Do you use Python 2 or Python 3?

Yuri

Do you use Python 2 or Python 3?

3

Alexander

I think this error is not related to Pony, and the string contains symbols that cannot be stored with this charset

Yuri

Is there any way to create morph relation? so like, user has media, media is video or music, and both has one user

Yuri

also interesting how to create or update at once, so like i dont need User.get, if not user, User(..)

Alexander

user = User.get(...) or User(...)

Alexander

Thats the shortest way

Yuri

how do you live without create_or_update and similar, and also without morhp's

Amo

Is there any way to create morph relation? so like, user has media, media is video or music, and both has one user

You can use inheritance. Video and music inherit from media. And media has a user

Amo

So user has the 'reverse' relation to media

Amo

Something like Class user() media = optional('Media') Class media() User = optional(User) Class video(Media): Class music(Media) :

Yuri

its true, but in result when i get user.media it will be type of media, not a video or audio

Amo

Have a look at User.media.classtype

Amo

And cast it

Yuri

will pony take all data from table? not only relation id? so i mean when i cast it, all props will be filled

Yuri

its actually case, which is also can't be implemented in laravel normaly

Amo

I don't know about the internals, but what do you want to do? In my case I used this to create different data classes in my domain model

Amo

To show to users etc.

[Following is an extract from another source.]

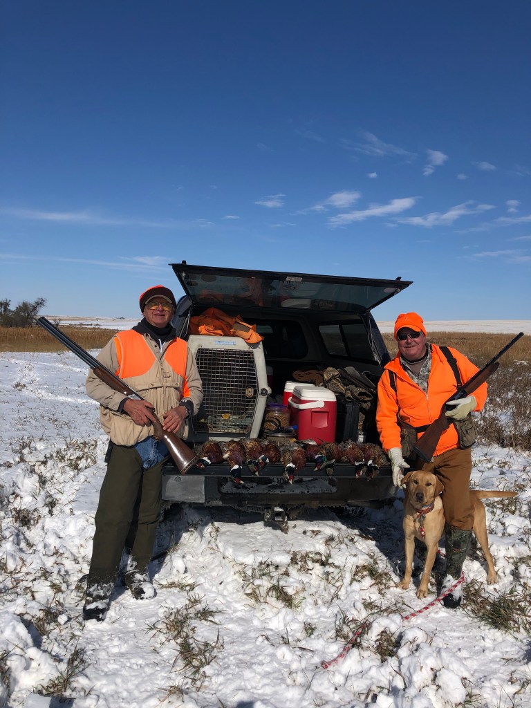 Greg Blazer took this pic of his brother Jeff, buddy Carl, and his new pup JR. They got their limit on pheasant in South Dakota!
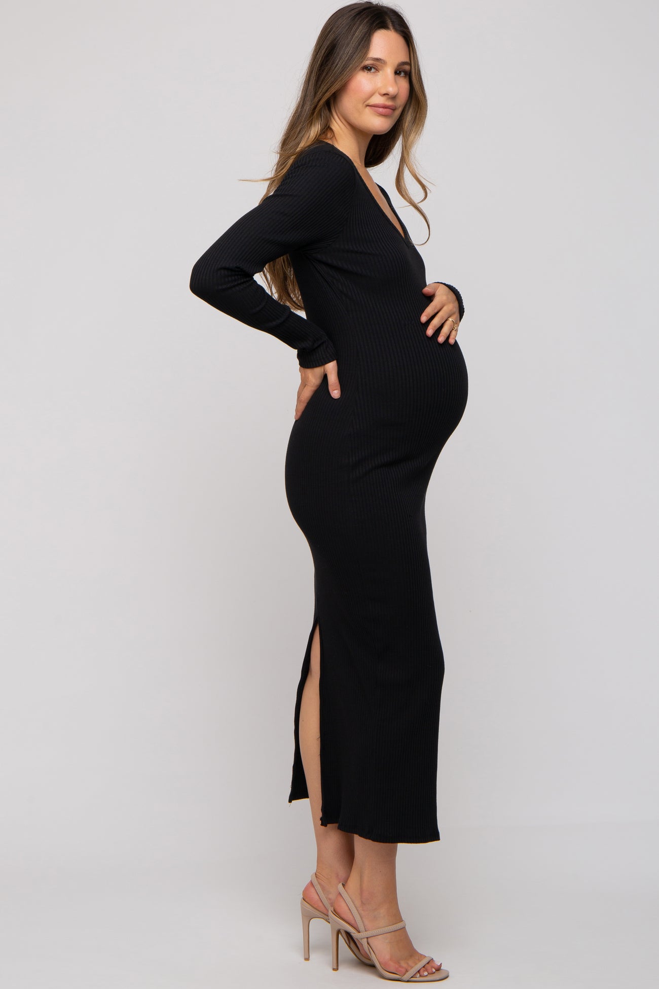 A solid ribbed maternity maxi dress featuring a back slit, long sleeves and a v-neckline.

Not to pass them directly back into the database

Yuri

if do like i want, and then select user.media the media will be collection of two different model types

Yuri

its not ok too

Amo

Sorry, I don't understand your issue.

Amo

You can enable SQL log and do a media.get(id=2) on a music entity and check if this helps you

꧁Rhͪaͣpsoͦdͩoͦs93꧂

any news about python3.11 support?

Alexander

Not yet, sorry...

Andrey

#autoleave

Oleksandr

Весеннее ботообострение

Vitaliy

Hello Alexander! @metaprogrammer I found a bug related to Json in MySQL. Let's assume we have simplified model and here are examples of insert/fetch queries: class User(db.Entity): emails = Required(Json, default=[]) User(emails=['test@te.st', 'other@ema.il']) select(u for u in User if 'test@te.st' in u.emails) This query work fine generating following WHERE condition: json_contains(`u`.`contact`, '["test@te.st"]', '$') or json_contains_path(`u`.`contact`, 'one', '$."test@te.st"') As we see you designed it to work for both lists and dicts. But if we use variable in the query: value = 'test@te.st' select(u for u in User if value in u.emails): it fails with an error: pony.orm.dbapiprovider.OperationalError: (3143, 'Invalid JSON path expression. The error is around character position 1.') generating such a condition: json_contains(`u`.`contact`, '["test@te.st"]', '$') or json_contains_path(`u`.`contact`, 'one', '["test@te.st"]') After debugging a couple of hour I still not understand how too fix it quickly. The only workaround is to run query as string like select('u for u in User if %r in u.emails' % value). Can you please take a look into this issue?